The most important is probably the Liber di Tre Scricciur (Book of the Three Scriptures), completed before 1274. Over 2,000 lines long and divided into three parts, it describes the torments of Hell, Christ's Passion, and the rewards of Paradise. There is no mention of Purgatory, a fact which has sometimes led to accusations of heresy. The work is tightly constructed and contains quite powerful depictions of the punishments of the sinners, which show a talent for grotesque, even fearsome realism. As the author of the Liber di Tre Scricciur Bonvesin has often been considered – together with Giacomino da Verona – as one of Dante's precursors. As has been said more than once, by the very fact that it includes a middle panel between Hell and Heaven, the "Book of the Three Scriptures" takes a significant step beyond the two-part format used by Giacomino in the Babilonia and Jerusalem and indeed adumbrates the scheme of the Commedia itself.

A similar talent emerges in the De elemosynis (On Almsgiving), an account of contemporary hospitals in Milan, containing some grim descriptions of patients and their illnesses. In fact, Bonvesin seems to have had a particular interest in the care of the sick, leaving money to hospitals in his wills of 1304 and 1313.

A rather more cheerful and engaging insight into contemporary society is afforded by the De quinquaginta curialitatibus ad mensam (Fifty courtesies at Table), which lists the fifty rules of good table manners (don't slurp from a spoon, don't dip your bread in a communal wine-cup, etc.).

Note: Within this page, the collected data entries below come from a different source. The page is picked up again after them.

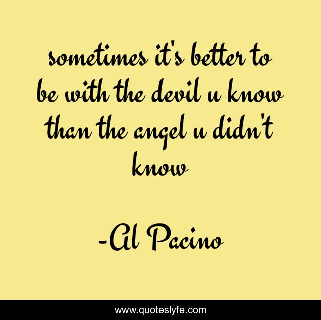 This page presents the quote "sometimes it's better to be with the devil u know than the angel u didn't know". Author of this quote is Al Pacino. .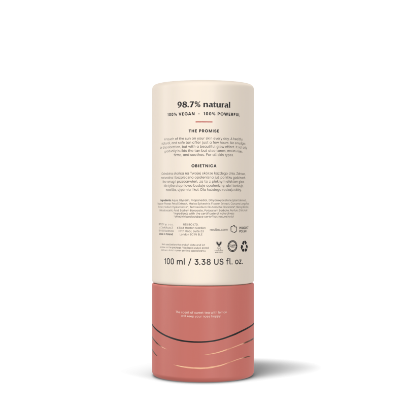 Skład (INCI): Aqua, Glycerin, Propanediol, Dihydroxyacetone* (plant derived), Papaver Rhoeas Petal Extract, Malva Sylvestris Flower Extract, Curcuma Longa Root Extract, Sodium Hyaluronate*, Tetrasodium Glutamate Diacetate*, Benzyl Alcohol, Dehydroacetic Acid, Sodium Benzoate, Potassium Sorbate, Sulfuric Acid, Parfum, Citric Acid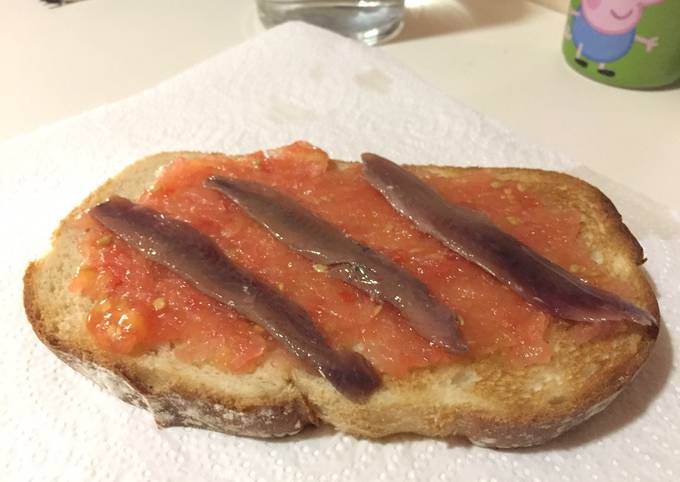 3. Pan Tumaca con Anchoas y Aceitunas 🥖🐟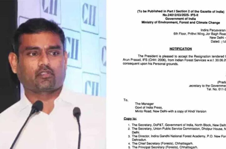 रायपुर केंद्र सरकार ने 2006 बैच के IFS अधिकारी अरुण प्रसाद के इस्तीफे को मंजूरी दे दी है. भारत सरकार...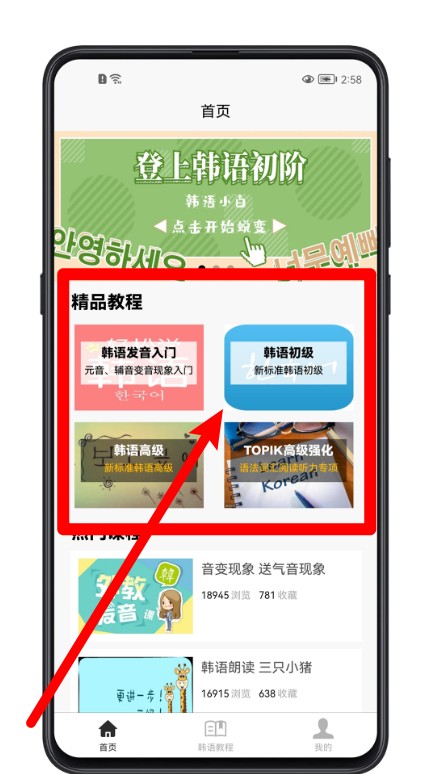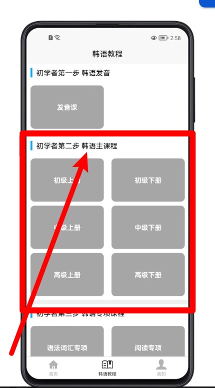 2.初學者第二步進入韓語主課程,按級別挑選,從初級到高級上冊下冊,進度自由掌握。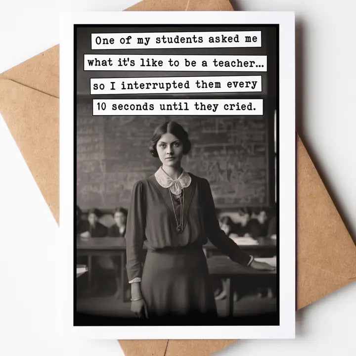 Make your favorite teacher's day with our What It's Like To Be A Teacher Greeting Card! Featuring a unique 5x7 inch card and self-sealing envelope, this high-quality set is crafted in the USA with a humorous touch. Perfect for sending well wishes that will make them smile!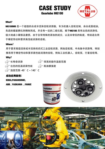 长寿命齿轮润滑脂MG100用于要求高级流体或半流体的工业齿轮润滑,例如齿轮箱,中央集中润滑等,特别推荐用于机器人等精密传动和要求高性能润滑的齿轮。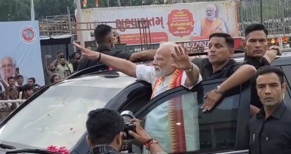 અમદાવાદના એરપોર્ટથી નિકોલ સુધી વડાપ્રધાનનો રોડ શો યોજાયો હતો જ્યાં વડાપ્રધાનને આવકારવા હજારો લોકોની ભીડ જામી

Another picture of contemporary Milan is painted by the Latin De magnalibus urbis Mediolani (On the Marvels of Milan), written in the late spring of 1288, which differs from earlier descriptions in not focusing on saints and churches, but rather praises the city for its size and wealth, backing up its claims with extensive facts and figures. Bonvesin's De magnalibus urbis Mediolani, languished unknown in a single manuscript in the Biblioteca Nacional de España, Madrid, until 1894. Its eight chapters form a monument of civic pride typical of the Italian communes, written by a man in a position to offer an unrivalled statistical report of the city that he felt was exalted above all others, like the eagle among birds. In Milan, he counted the belltowers (120) and the portoni, massive front doors of houses (12,500), the city's lawyers (120), physicians (28), ordinary surgeons (at least 150), butchers (440) and communal trumpeters (6). His order, the Umiliati, served as a kind of civil service in Milan, collecting taxes and controlling the communal treasury, so he was in a position to know. His long inventory of the fruits and vegetables that Milanesi were eating served as a rare source of ordinary fare for the historian of cuisine.

Bonvesin's many religious works include a number of lives of saints and a series of vernacular contrasti—dialogues between, for example, the soul and the body, or the Devil and the Virgin Mary. He also composed allegorical contrasti. In the Disputatio mensium the months of the year rebel against their king, January, taking turns to boast of their qualities and benefits, whilst in the Disputatio rosae cum viola the most humble of flowers, the violet, puts forward a case for its superiority over the most magnificent, the rose.